2020: The Year of Focus and Flexibility

2020: The Year of Focus and Flexibility

As we bid farewell to 2020, JDC Events President and CEO Jennifer D. Collins, CMP, DES reflects on how the JDC team has continually adapted to the tumult of the past year. The lessons learned in the past 12 months will remain invaluable to the team as we look ahead to new challenges and opportunities in the year to come.

 

Entering a new year always comes with its own fresh momentum and expectations. The COVID-19 pandemic, of course, brought major challenges, disruptions, uncertainty, and loss to the ways that we all work and live, completely shifting momentum and expectations not even three months into 2020. In the event planning industry, everything stopped and, almost overnight, expected business for the year all but vanished. Reinvention, adaptability, and quick-thinking became key.

First and foremost at JDC Events came the development of thought leadership, to be at the forefront of educating clients on how virtual events can allow them to capture more business. Before this year, there was a limited public understanding of and engagement with virtual events. You just can’t put your in-person event online. Virtual events must be crafted to be meaningful in their own way and to deliver a new kind of engagement. You have to develop an online experience that goes beyond live-streaming and webcasting. Innovative packaging must be created to bring audiences together, so you don’t feel like you’re just sitting in front of a computer for hours on end. Technology is constantly changing, and you have to change with it.

For this to succeed, targeted marketing needed to happen very consistently, so that clients could know that virtual platforms were a strong vehicle for their continued operation. In navigating the crisis of the COVID-19 pandemic, virtual capability and digital events have helped to continue to spread clients’ messages and put them in front of key stakeholders and audiences, so that each client’s mission can keep moving forward. Virtual event spaces truly can still connect and engage meaningfully with client audiences. Even as we all return to something like normal, there’s still going to be an opportunity and major market for virtual and hybrid spaces. They have a power of their own. They can extend your reach, delivering a larger audience than you can in person and creating new meaningful and impactful experiences.

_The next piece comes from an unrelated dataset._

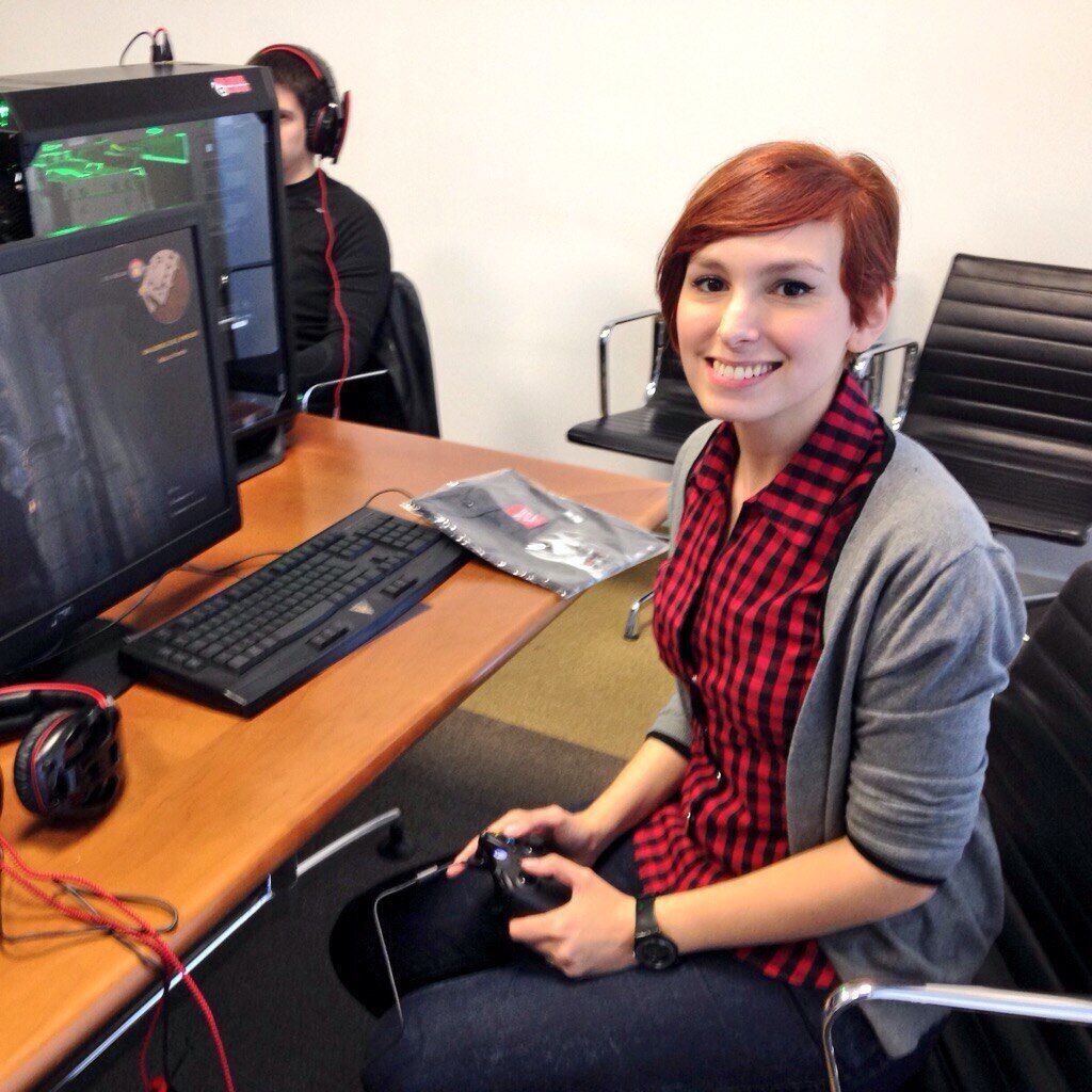 Comenzó a trabajar en videojuegos con un distribuidor informático, una experiencia muy instructiva a alto coste. Según describe, "entré para hacer de todo, comunicación, redes sociales, hacía noticias para su blog, me grababa yo misma un programa que se llamaba Reload, me hacía el guion, lo editaba yo, lo subía a redes, hacía parte de PR porque también había que gestionar las muestras que se enviaban de hardware y de periféricos. Es una etapa en la que aprendí muchísimo pero casi me muero del estrés".

Crucial to everything we’ve learned and accomplished this year was the JDC Events team. 2019 was a year of transitions and refocusing for us, and we entered 2020 as a high performing team entirely of one accord. Even working remotely, we were focused on what we could do differently, collectively bringing to the table ideas and suggestions for us all to succeed. The team may have all had obvious concerns, but we were largely fearless in confronting the challenges at hand.

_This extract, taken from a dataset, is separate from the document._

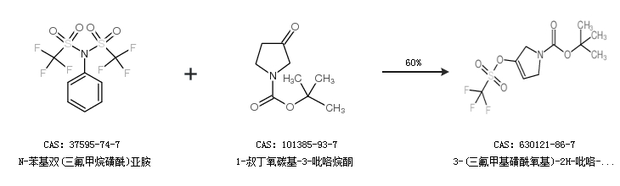 2.通过N-苯基双(三氟甲烷磺酰)亚胺和1-叔丁氧碳基-3-吡咯烷酮合成3-(三氟甲基磺酰氧基)-2H-吡咯-1(5h)-羧酸叔丁酯,收率约60%;

The key was to try. We knew that growth sometimes brings discomfort, and that some ideas and attempts might fail. But we still had to step out and try. What we found in that process is that seeing our own tenaciousness, focus, and flexibility grew our faith and confidence in each other and in our ability to meet our clients’ needs and to continue to deliver quality, white glove service on behalf of our clients. In staying willing and open to confronting those challenges, we grew and adapted in our skills and in our confidence and thrived when given the chance to learn something new and to value and trust in the agility, nimbleness, creativity, and innovation of our team. JDC Events is so proud of what we have accomplished this year, and we are excited and inspired to see what the coming year holds.

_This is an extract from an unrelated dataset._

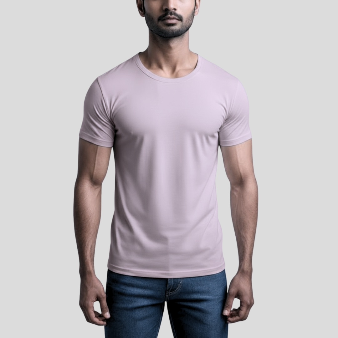 Feather Touch Round Neck Plain Lavender T-Shirt for Men

There are many people within the event planning industry still focused on yesterday, on going back to where we were before the COVID-19 pandemic. But the world has changed, and honestly, some things were worth letting go. So, we’ll begin right where we are, building a new standard to which we must again adapt. We have seen now that the world can shut down, even though we may not have thought that before, but that life can still continue despite that. We need to be prepared for whatever next issue could shut us down and not miss a beat. We have learned that we can adapt, that we can continue spreading our messages in different formats, and that forward thought and forward motion are the strongest ways to meet the moment.